═══ RECORDS FOR THE TASK

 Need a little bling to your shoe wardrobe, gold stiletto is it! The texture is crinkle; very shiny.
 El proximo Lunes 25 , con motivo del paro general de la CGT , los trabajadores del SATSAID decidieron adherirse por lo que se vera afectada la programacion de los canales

══════
═══ RECORDS FOR THE TASK

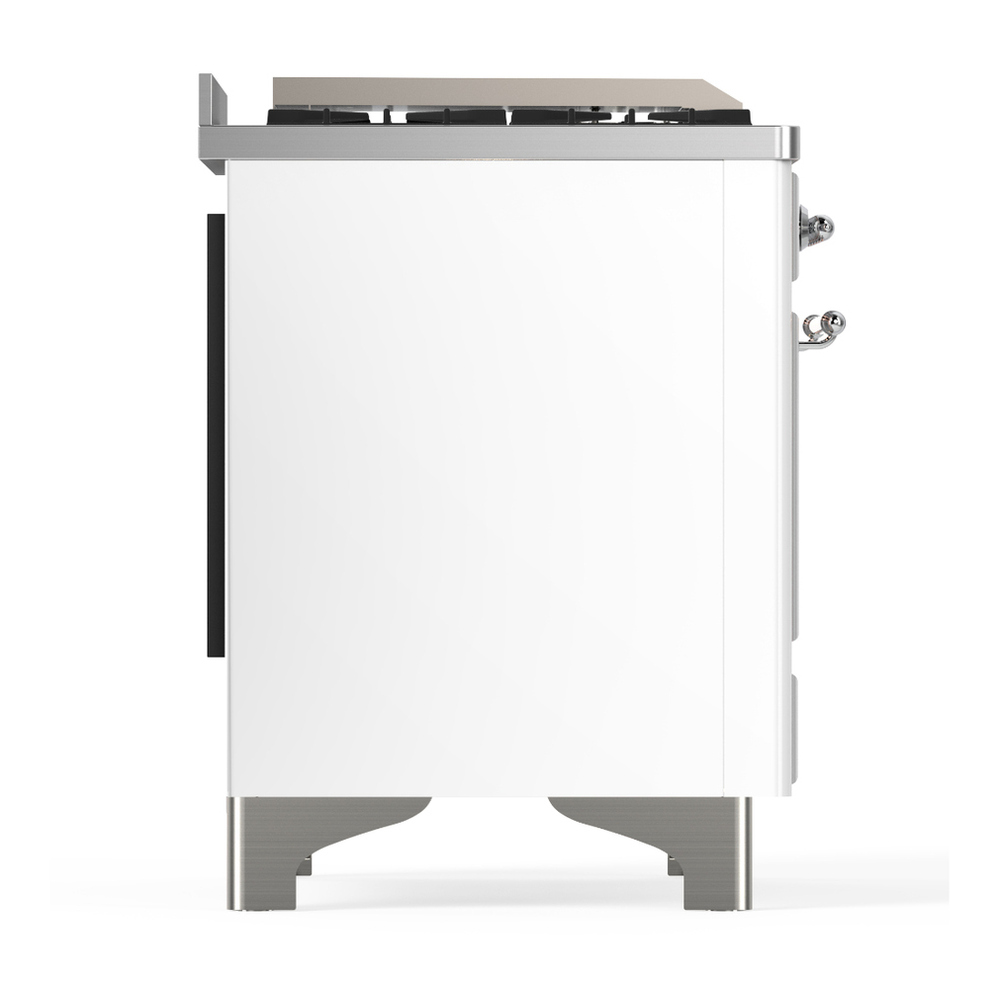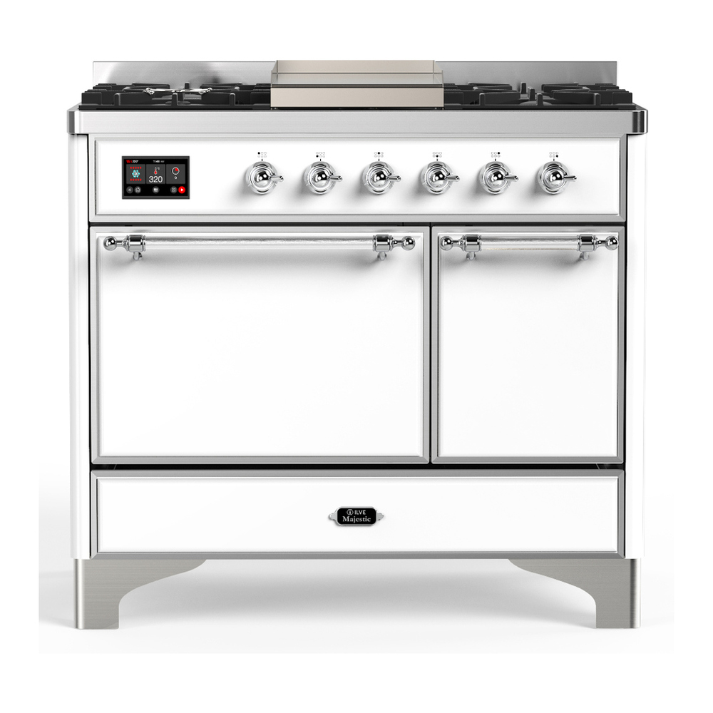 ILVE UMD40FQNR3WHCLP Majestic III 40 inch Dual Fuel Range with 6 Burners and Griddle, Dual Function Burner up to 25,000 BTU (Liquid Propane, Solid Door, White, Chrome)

══════

- [GOAL OF THE EXERCISE] Nothing should appear in the answer except the lines above from the line with "Need a little" through the line with "El proximo Lunes", both included, written out exactly.

- [OUTPUT OF THE TASK]
 Need a little bling to your shoe wardrobe, gold stiletto is it! The texture is crinkle; very shiny.
 El proximo Lunes 25 , con motivo del paro general de la CGT , los trabajadores del SATSAID decidieron adherirse por lo que se vera afectada la programacion de los canales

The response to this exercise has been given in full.